## Work instruction
Give again, unaltered, the lines of the listing below that run from the line having "The proportioning valve" through the line having "1 Pelamos los".

[Opening Entries supplied section]

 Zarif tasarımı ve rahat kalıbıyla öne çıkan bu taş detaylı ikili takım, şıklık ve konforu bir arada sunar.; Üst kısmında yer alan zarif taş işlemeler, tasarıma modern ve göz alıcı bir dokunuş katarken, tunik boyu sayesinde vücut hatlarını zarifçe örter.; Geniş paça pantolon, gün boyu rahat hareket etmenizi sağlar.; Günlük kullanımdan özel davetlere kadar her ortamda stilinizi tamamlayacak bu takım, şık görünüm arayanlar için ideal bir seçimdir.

[Closing Entries supplied section]
[Opening Entries supplied section]

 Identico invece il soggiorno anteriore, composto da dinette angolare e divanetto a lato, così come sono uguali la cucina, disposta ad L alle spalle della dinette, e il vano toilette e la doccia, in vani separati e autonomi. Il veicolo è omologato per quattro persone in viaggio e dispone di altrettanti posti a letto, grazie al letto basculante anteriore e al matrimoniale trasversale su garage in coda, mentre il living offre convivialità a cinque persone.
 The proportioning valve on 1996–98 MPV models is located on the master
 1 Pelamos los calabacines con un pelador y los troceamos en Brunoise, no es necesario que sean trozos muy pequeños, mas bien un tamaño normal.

[Closing Entries supplied section]

## Solution
 The proportioning valve on 1996–98 MPV models is located on the master
 1 Pelamos los calabacines con un pelador y los troceamos en Brunoise, no es necesario que sean trozos muy pequeños, mas bien un tamaño normal.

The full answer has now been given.